A sample size of seven (7) institutions was selected. This sample size was arrived at after considering institutional size (enrollment) as an indicator of how the population was distributed. Other factors considered in an effort to select a fair sample included cost of the study, heterogeneity of the frame population, number of traits to be measured, and size of the acceptable sampling error margin (5%). Stratified sampling was used in the first stage of IT sampling. Institutions were stratified into three levels based on institutional size deviation from the population mean (Mp).

Two strata participated in the second stage of IT sampling: institutes with enrollments less than 317 and institutes with enrollments above 413. Simple random sampling was used to select three and four IT from the two strata, respectively. The sample allocation of three from one stratum and four from another was computed from Neyman's formula for optimal sample allocation (Rossi, Wright, & Anderson, 1983). The institutions selected and their enrollment at the time of data collection included Mathenge (167), Kaimosi (205), Kimathi (401), Ramogi Institute of Advanced Technology-RIAT (541), Kiambu (558), Murang'a (693) and Rift Valley Institute of Science and Technology-RVIST (1204). Trainers and heads of departments from the selected IT were key respondents in this study. A total of 130 trainers and 37 heads of departments were selected for the study. Data were collected from both primary and secondary sources using pre-designed instruments and structured formal interviews. To collect primary data, questionnaires, evaluation, and observational forms were used. The questionnaires used both closed-ended and open-ended items. The open-ended items had an advantage of capturing a wide range of opinion and experiences. For the closed-ended items, dichotomous and polychotomous response categories were provided.

Giving the questionnaires to research experts at Moi and Egerton universities insured the validity of the questionnaires. A pilot study was also conducted before actual data collection. Department heads and trainers from the IT not included in the sample completed the questionnaires. Information obtained from the pilot study assisted in the revision of the research instruments.

Findings

A total of 108 trainers and 35 heads of departments responded to the questionnaires, an overall response rate of 86%. Regarding the gender of the trainers, Kiambu, Kimathi, Murang'a, and Ramogi Institute (RIAT) had no female instructors in electrical instillation, masonry, plumbing, mechanical engineering, building and civil engineering, and motor vehicle mechanics. Most of the female trainers tended to concentrate in traditionally female-oriented courses such as food and beverage productions, clothing and textiles, and bakery technology.
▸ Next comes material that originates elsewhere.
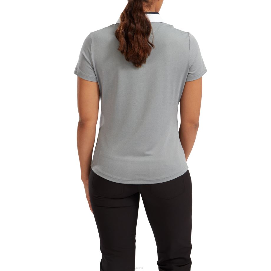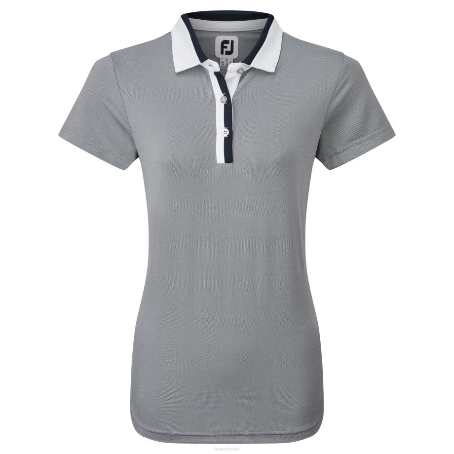 - tecido jacquard elástico e liso em todo o padrão birdeye, carcela e gola coordenadas em dois tons, prata ornamental, botões fj, tecnologia de absorção de umidade, afasta a umidade do corpo li>

Ninety-eight (68.5%) male and 45 (31.5%) female trainers and department heads responded to the questionnaire. Table 2 presents the distribution of sampled trainers by age. The mean age of 35 years and a modal class of 36 to 40 suggested that trainers in IT were middle aged. The percentage of trainers below 25 years and above 45 years was 3% in each case. The small percentage (3%) of respondents above 45 years suggested that the probability of trainers changing their career as teachers in IT increased with age.

Table 2
Age Distribution of Trainers
Age in years n %
21 - 25 4 2.8
26 - 30 25 17.5
31 - 35 47 32.9
36 - 40 51 35.7
41 - 45 11 7.7
Above 45 5 3.5
Total 143 100.00

Note. Mean = 35, Modal class = 36-40, SD = 5.3


Data in Table 3 show that the majority (62%) of the trainers in these IT had a diploma in vocational education and technical training. Trained trainers with a bachelor's degree constituted 17% of the sample, while untrained trainers constituted 3%. This suggests that graduate trainers in the field of vocational and technical education were scarce in the labor market, or that IT were not attractive to first-degree holders. Trainers with a diploma other than education constituted 18% of the trainer respondents. This group was made up of technical education program associate degree holders. A majority (80%) of both trained and untrained IT trainers were associate degree holders. Given that they handled post secondary training, the qualification level of trainers was found inadequate.

Table 3
Trainers' Highest Level of Academic Qualification
Level n %
Trained graduate 24 16.80
Untrained graduate 4 2.80
Diploma in Education 88 61.50
Diploma other than in education 26 18.20
Others 1 0.70
Total 143 100.00

Note. A diploma in education is equivalent to an AS degree in the U.S. system.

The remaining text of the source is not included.